More recently, I had a student that does have autism. When I disclosed to the class that my mother had cancer and I needed to occasionally take off to take her to her chemotherapy appointments, this young man came up to me and said, “Cherish the time you have with your dear mother.” Hell, not many adults I knew took the time to tell me that. I would dare RFK Jr. to stand in front of this young man’s father, a Marine, and tell him that his child has destroyed their family. I have a feeling that would not end so well.

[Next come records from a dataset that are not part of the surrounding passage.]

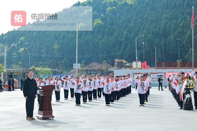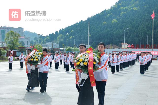 向烈士纪念碑敬献花篮、整理缎带,全体师生依次鞠躬、献花。洁白的花朵,承载着无尽敬意;庄重的礼仪,诉说着少年赤诚。
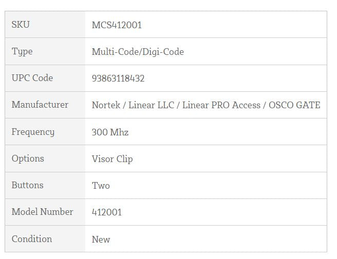 The Model 4120-01 2-Channel Visor Transmitter is a portable transmitter designed for automatic door and gate operator applications.
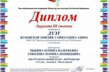 Фортепианный дуэт Жуковская Эмилия и Сайфуллина Элина (преп.Рыбина М.В., Соколова М.Л.) завоевали звания лауреатов Международного конкурса "Осеннее сварожье", и Международного интернет-конкурса "Души прекрасные порывы"
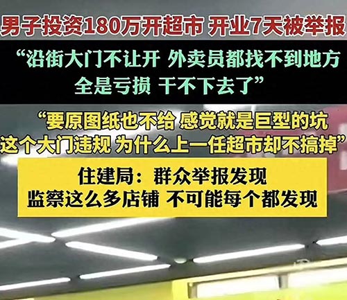 原标题:投资180万开业7天被举报,“大门”不让开,老板:干不下去了
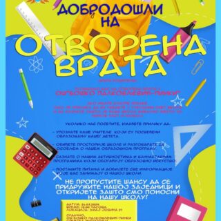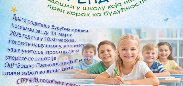 Драги родитељи, позивамо вас на дан отворених врата! Ако имате будуће прваке, ово је идеална прилика да их уведете у узбудљив свет школе и сазнате зашто је наша школа право место за њихов раст...
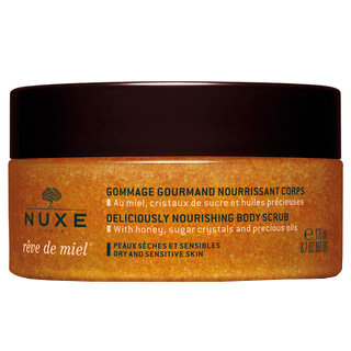 Deliciously Nourishing Body Scrub er en 2 i 1 behandling. En luksuriøs bodyskrubb med honning og sukker som både eksfolierer og nærer huden. Forvandles til en melkebalsam når den masseres inn på våt hud, og etterlater et nærende og beskyttende lag.
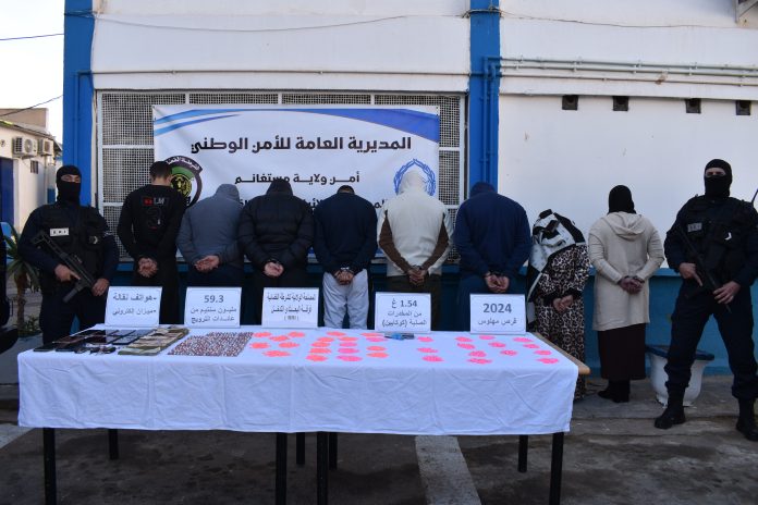 Dans le cadre de la lutte contre la criminalité sous toutes ses formes, et plus particulièrement le trafic de drogues et de psychotropes, la police de Mostaganem, à travers l’unité de recherche et d’intervention (BRI) de la police judiciaire, a démantelé deux réseaux criminels dangereux composés de huit personnes, dont deux femmes spécialisées dans le trafic de psychotropes et de drogues dures, et a saisi une quantité de ces substances, a indiqué un communiqué rendu public. Les opérations ont eu lieu cette semaine, suite à la mise en œuvre du travail de renseignement sur le terrain et à la surveillance des suspects dans le cadre de la compétence territoriale de la brigade. Après exploitation de toutes les informations et la mise en place d’un plan rigoureux, les suspects ont été arrêtés alors qu’ils étaient sur le point de conclure des transactions. Lors de l’intervention sur le premier réseau, les policiers ont saisi 1 680 comprimés d’ecstasy, environ 2 grammes de cocaïne, ainsi qu’une balance électronique présentant des traces de cocaïne. Concernant le second réseau, 344 capsules de prégabaline (300 mg) ont été saisies, ainsi qu’une somme totale de 59 millions de centimes et 3 000 DA provenant du trafic, trois voitures particulières et une moto, utilisées pour le transport et la distribution des psychotropes et drogues dures, ainsi que des téléphones portables. Les suspects ont été présentés par devant le procureur près le tribunal de Mostaganem pour deux affaires : Possession et trafic de drogues dures au sein d’une organisation criminelle et Possession et trafic de psychotropes avec circonstance de récidive. B. Adda
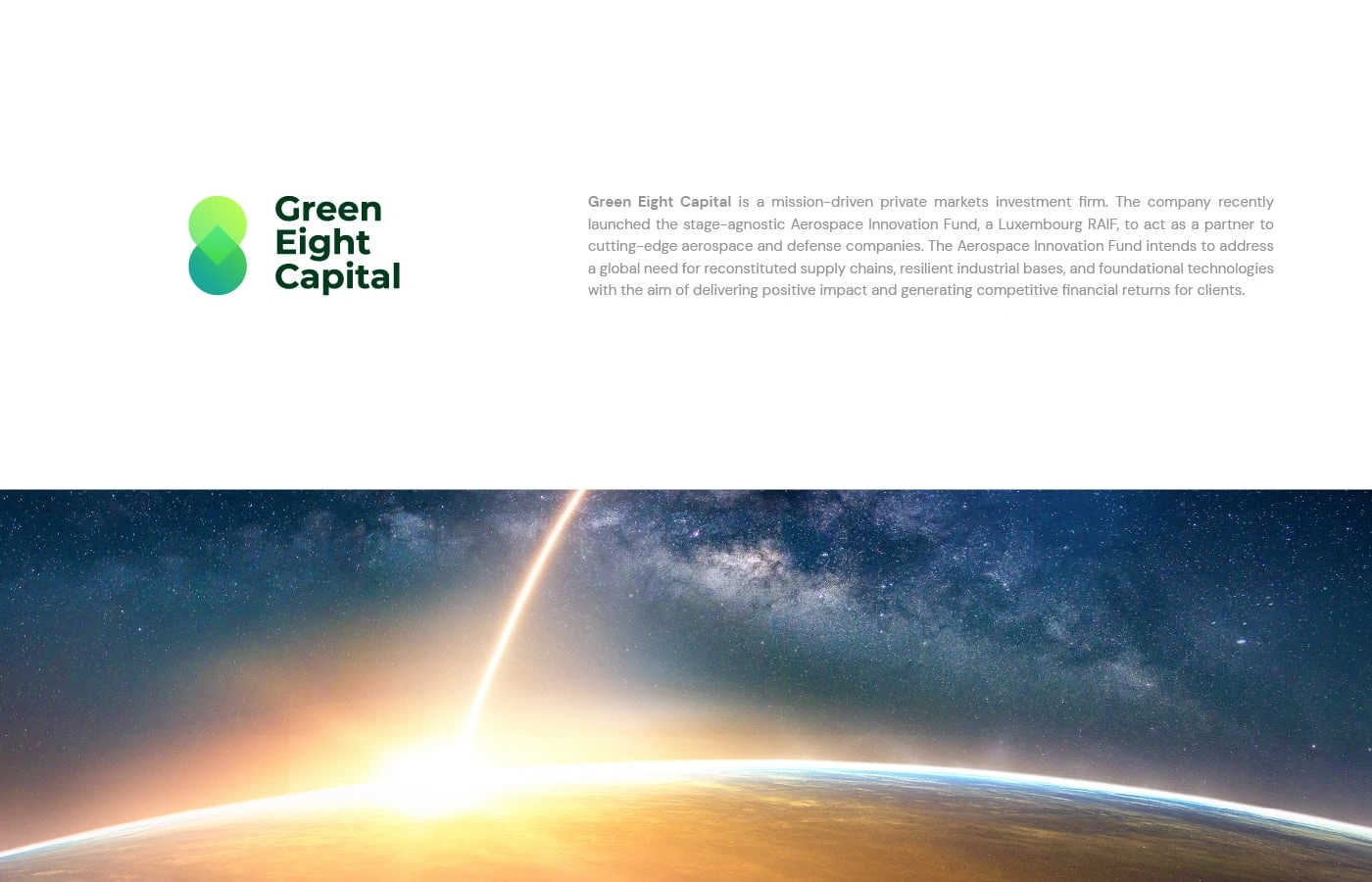 Green Eight Capital is a mission-driven private markets investment firm. The company recently launched the stage-agnostic Aerospace Innovation Fund.
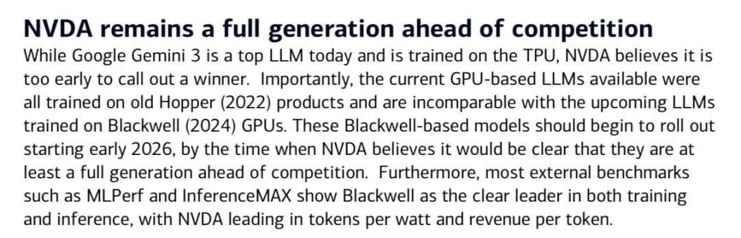 研报态度明确:"NVDA believes it would be clear that they are at least a full generation ahead of competition"(英伟达相信届时将清楚显示他们至少领先竞争对手整整一代)。
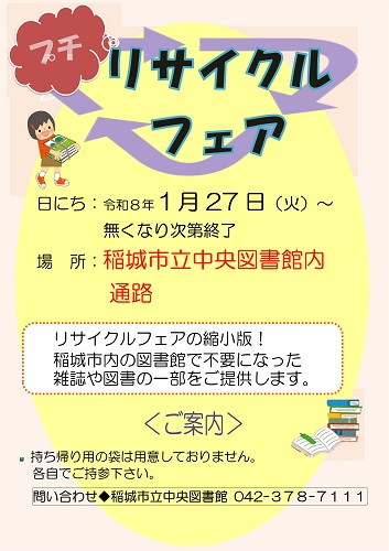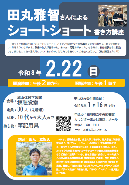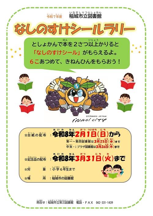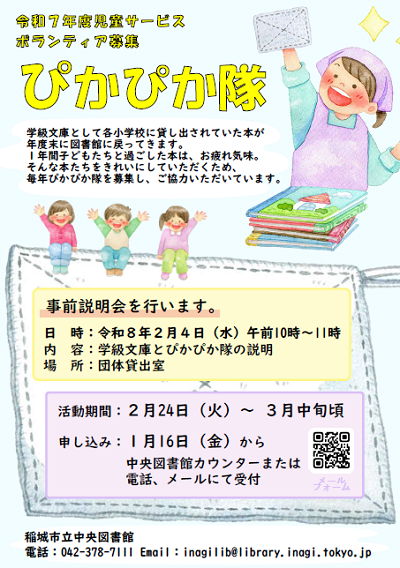 令和7年度児童サービスボランティア募集 ぴかぴか隊 学級文庫として市内各小学校に貸し出されていた 本が、年度末に図書館に戻ってきます。 1年間子どもたちと過ごしてき本を、また次の年 新しい子どもたちのところへ送り出すために、 毎年、ぴかぴか隊を募集してご協力いただいています。 おかげさまで、本も子どもたちも大喜びです。 今年も皆さんのご協力をよろしくお願いします。 事前説明会 2月4日(水)午前10時~11時 内容:学級文庫・ぴかぴか隊の説明など 場所:稲城市立中央図書館 団体貸出室 活動期間 2月24日(火)~3月中旬頃 申し込み:1月16日(金)から 中央図書館カウンターまたは電話、メールにて受付 電話番号 042-378-7111 メールアドレス inagilib@library.inagi.tokyo.jp
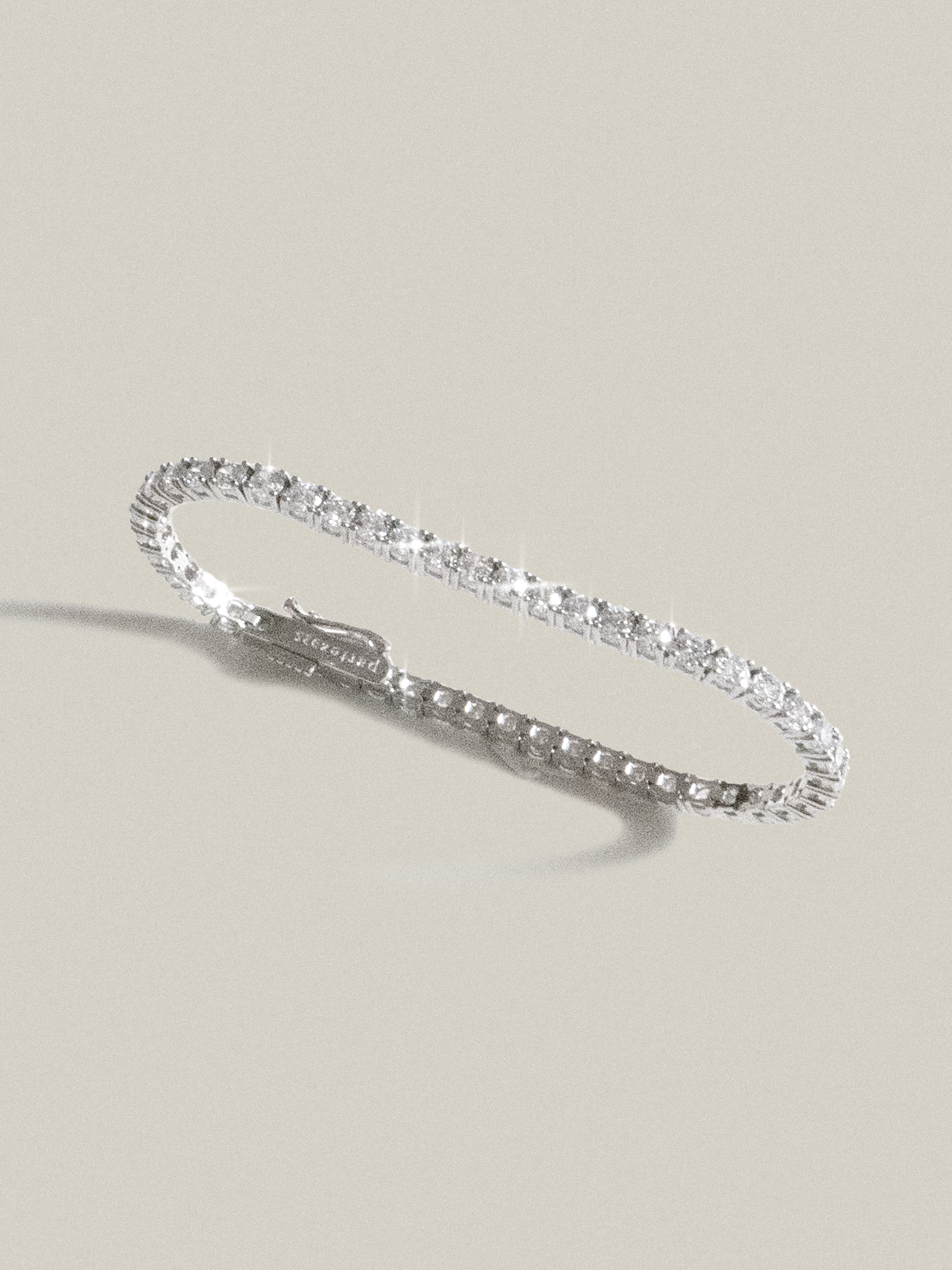 빛나는 브릴리언트 커팅으로, 다이아몬드와 같은 광채를 가진 3mm 원형의 시뮬럿다이아몬드가 정교하고 고급스럽게 세팅된 테니스체인 브레이슬릿입니다.
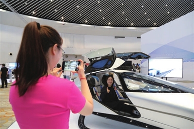 与会嘉宾体验飞行器。薛嘉茵 摄
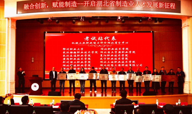 揭英诚主任宣读了“关于同意机械行业2024年第四批机构注册的批复”文件。由李奇会长与朱永平秘书长为湖北省首批申请的13家考试站进行授牌。

People with all kinds of abilities make this world a much better place. The people that I have written about here, and so many more, have had a profound impact on my life. So, when someone says something degrading about people with autism, I take great offense on behalf of every single person with disabilities that I have worked with for the past thirty years, and my sister who has impacted the trajectory of my entire life.
Perhaps something has finally happened that has woken others up and finally made them realize that all of the pushback against this administration was never about democrats against republican, or liberals against conservatives, or left against right, but something much deeper. It is about right vs wrong. It is about morals and ethics, and not wanting leaders who are harmful to all of us. Leaders who lack any emotional intelligence. This has never been about winning or losing. However, we have lost something. We have lost our dignity as a nation if we accept the type of behavior that we are witnessing now from our appointed leaders.